Shrink was ahead of its time. It is a genre bending experimentation that somehow comes out sounding perfectly natural. You must listen to understand.
But the album has been impossible to find. Zero Hour, the only label with sense enough to drop it on the U.S. indie crowd, went belly up.
“For Shrink we decided to just do something like a new start or try lots of different stuff. Jazz, saxophone solos, electronic songs, all these new sounds. We had already done all we could do with distorted guitars and we just wanted to try something totally different. We felt like we had nothing to lose,” Acher said.
They had a lot to gain. By adding Martin Gretschman (aka Console) into the mix, Notwist hit their stride by combining electronic beats and breathing textures with breezy, melodic indie rock and the ambiguous, detached calm that Acher’s voice brings.

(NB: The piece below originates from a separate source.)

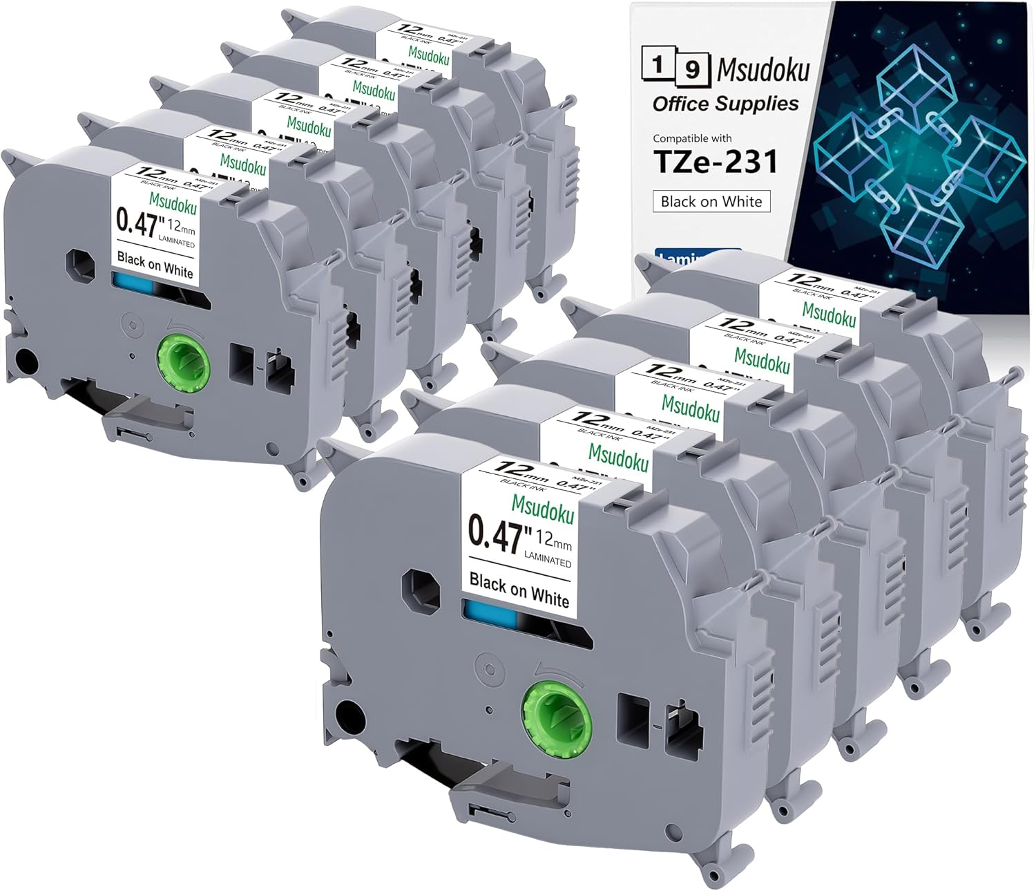 Tze TZ Tape 12mm 0.47 Laminated White Compatible for Brother Label Maker Tape 12mm 1/2" Black on White Tape for Ptouch PT PTD200 PTD410 D210 D220 D610 P710BT PTH110, 10-Pack

Acher’s vocal style is also much better suited to what they’re doing now. The guy can really sing. In earlier releases, Notwist sometimes buried their best weapon beneath crunch and noise.
Now that Console is blowing up in his own right, Gretschman has instigated a gradual break up. Notwist has tapped Arne Van Petegem (aka Styrofoam) to man the powerbook. The transition was seamless, and the beats keep breathing.
Styrofoam opened up the Knitting Factory show. Van Petegem is interesting on his own, but with the Notwist, the whole is just so much bigger.
The current tour is to support Domino’s Feb. 25 U.S. release of Neon Golden.
Before this, Notwist hadn’t toured the U.S. since 1997. They didn’t even tour for Shrink. “We wanted to play, but we had no label support,” Archer said.
Thanks to City Slang support in Europe, Neon Golden is giving Notwist more exposure than they’ve ever enjoyed.
“We were surprised people were so much into it. In Germany people don’t react that way, they’re very nice but they don’t shout so much,” Archer said.
And big ups to the indie kids.
“I didn’t think there were so many people here that knew our records. These indie people, you know.”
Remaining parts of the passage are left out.